Una conversación con una de las personas más honestas e inconformistas que tengo la suerte de conocer me sacude interiormente y me plantea unas cuestiones inquietantes. ¿Hasta dónde hemos manipulado y violentado el umbral de nuestra conciencia? ¿Qué cosas, de las que pensábamos que jamás toleraríamos, aceptamos hoy sin escrúpulos, o incluso miramos con indiferencia? ¿Dónde quedaron esas líneas rojas que nos prometimos no traspasar, en ningún caso? ¿Cuál es la gota, en el caso de que existiera, que desbordaría el vaso de nuestra paciencia?

La mañana siguiente de tan interesante conversación, al leer la prensa del día, observo con sorpresa que mi mirada ha cambiado. (¿Habrá todavía quienes ignoren el poder transformador de la palabra?) Los titulares que se me ofrecen en portada no aparecen como los más relevantes. Es más, me resulta incomprensible que declaraciones reiterativas y vacías de políticos sin credibilidad puedan merecer tanta atención. (¿Cómo es posible que la mayoría de los periódicos coincidan en sus portadas al definir lo que suponen el interés prioritario de la opinión pública?). Tengo que pasar varias páginas hasta tropezarme con una información que merece verdaderamente mi atención: la tragedia de Lampedusa. Bueno, una tragedia más, de una larga lista con miles de fallecidos, esta vez de mayores dimensiones, en una isla convertida ya en cementerio improvisado de ilusiones y vidas truncadas.

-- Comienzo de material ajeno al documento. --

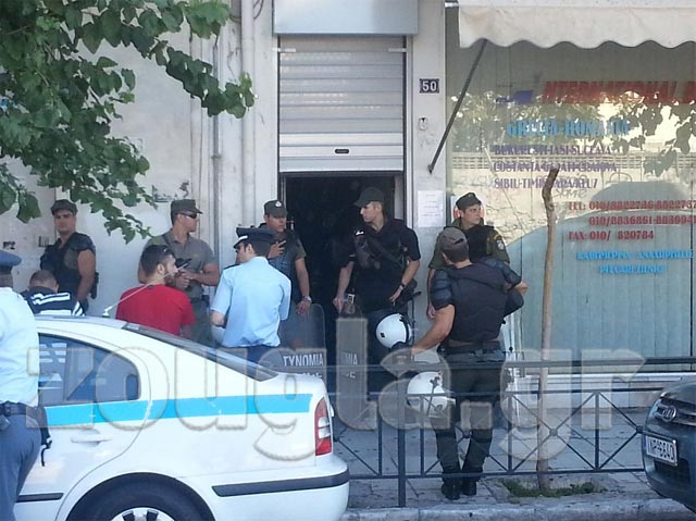 (Η αστυνομία στα γραφεία της Χρυσής Αυγής στην οδό Δεληγιάννη)

Cientos de personas, muchas de ellas mujeres y niños, que huían del hambre y de la guerra han fallecido a bordo de un barco al no haber recibido el auxilio de varios pesqueros que no les socorrieron, a pesar de advertir que necesitaban ayuda. El hecho escandaloso y repugnante es la muerte, en condiciones dramáticas de tantas víctimas inocentes del desorden establecido, junto a la conducta criminal de los legisladores y de algunos pescadores; sin embargo, los fallecidos ni siquiera merecen ser, para muchos medios de comunicación, el centro de su atención. Los titulares de prensa, la mayoría en páginas interiores, no se centran en el análisis y en la denuncia de las causas, ni en la búsqueda de posibles soluciones. No, aluden, fundamentalmente, a la disputa entre personas e instituciones a la hora de eludir responsabilidades.

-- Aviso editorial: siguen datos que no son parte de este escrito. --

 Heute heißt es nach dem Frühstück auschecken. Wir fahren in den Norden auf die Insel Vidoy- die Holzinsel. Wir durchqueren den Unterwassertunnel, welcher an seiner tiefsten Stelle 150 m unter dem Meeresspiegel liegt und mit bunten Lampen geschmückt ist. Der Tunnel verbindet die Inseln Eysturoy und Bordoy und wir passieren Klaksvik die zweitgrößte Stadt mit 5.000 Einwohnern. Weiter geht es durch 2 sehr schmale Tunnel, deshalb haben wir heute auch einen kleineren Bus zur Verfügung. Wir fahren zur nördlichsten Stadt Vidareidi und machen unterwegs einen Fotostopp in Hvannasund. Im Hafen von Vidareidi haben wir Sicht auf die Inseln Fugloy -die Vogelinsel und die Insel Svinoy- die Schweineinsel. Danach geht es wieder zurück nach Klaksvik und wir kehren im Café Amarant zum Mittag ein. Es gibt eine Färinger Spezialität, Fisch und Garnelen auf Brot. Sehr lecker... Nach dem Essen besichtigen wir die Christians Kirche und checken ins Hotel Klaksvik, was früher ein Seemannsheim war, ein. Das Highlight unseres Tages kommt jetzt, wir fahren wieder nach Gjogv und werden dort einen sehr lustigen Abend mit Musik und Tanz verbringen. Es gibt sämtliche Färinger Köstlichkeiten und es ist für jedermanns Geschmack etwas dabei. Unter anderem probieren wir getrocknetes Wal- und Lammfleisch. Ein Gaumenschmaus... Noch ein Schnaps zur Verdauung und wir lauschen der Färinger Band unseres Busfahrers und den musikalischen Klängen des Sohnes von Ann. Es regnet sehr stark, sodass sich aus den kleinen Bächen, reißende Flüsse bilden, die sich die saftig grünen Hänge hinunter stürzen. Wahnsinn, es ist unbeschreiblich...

El ayuntamiento de Lampedusa culpa al Gobierno italiano. El Gobierno italiano culpa a la Unión Europea. Bruselas devuelve la culpa a Italia del control migratorio de sus fronteras. Los pescadores afirman, exculpándose, que el Gobierno de Berlusconi tipificó como delito socorrer a los inmigrantes. En el colmo del cinismo hay quienes acusan indirectamente a los propios inmigrantes. Ellos, afirman sin datos, iniciaron el fuego en el barco para reclamar la atención y el socorro de otros barcos. Si en lugar de cometer esa imprudencia hubieran tenido el detalle de llevar un teléfono móvil para pedir ayuda, se les hubiera auxiliado a tiempo...

Un estremecimiento de náusea e indignación nos sacude frente a tanta mezquindad. ¿Dónde está nuestra sensibilidad, dónde los valores de los que nos enorgullecemos, dónde nuestra conciencia de seres humanos, esos que nos identifican como personas con unos mismos derechos y una misma dignidad? ¿Podremos seguir mirando hacia otro lado ante los continuos naufragios de pateras que siembran periódicamente nuestras propias playas de cadáveres? ¿Nos sumaremos, al igual que sucede en Italia, a la cadena exculpatoria de responsabilidades sin preguntarnos si está a nuestro alcance alguna toma de decisiones, por pequeña que ésta sea? ¿Servirá al menos este hecho para que reflexionemos sobre cuál es nuestra propia opinión frente a las leyes que regulan la inmigración en España? ¿Nos moverá este drama a colaborar con las organizaciones que ayudan a inmigrantes, desplazados, refugiados, o a personas en busca de asilo?

Lampedusa se ha convertido ya en una metáfora, en un símbolo de nuestra conciencia moral y de nuestra escala de valores como europeos. Mientras Administraciones y gobernantes confiesan hoy su impotencia e intentan lavar su mala conciencia declarando un día de luto con banderas a media asta, desde las costas africanas siguen zarpando en estos momentos pateras cargadas de miedos y esperanzas que volverán a poner a prueba nuestras convicciones. Giusi Nicolini, alcaldesa de Lampedusa, ha enviado una carta a la Unión Europea con un título perturbador: «¿Cuán grande tiene que ser el cementerio de mi isla?».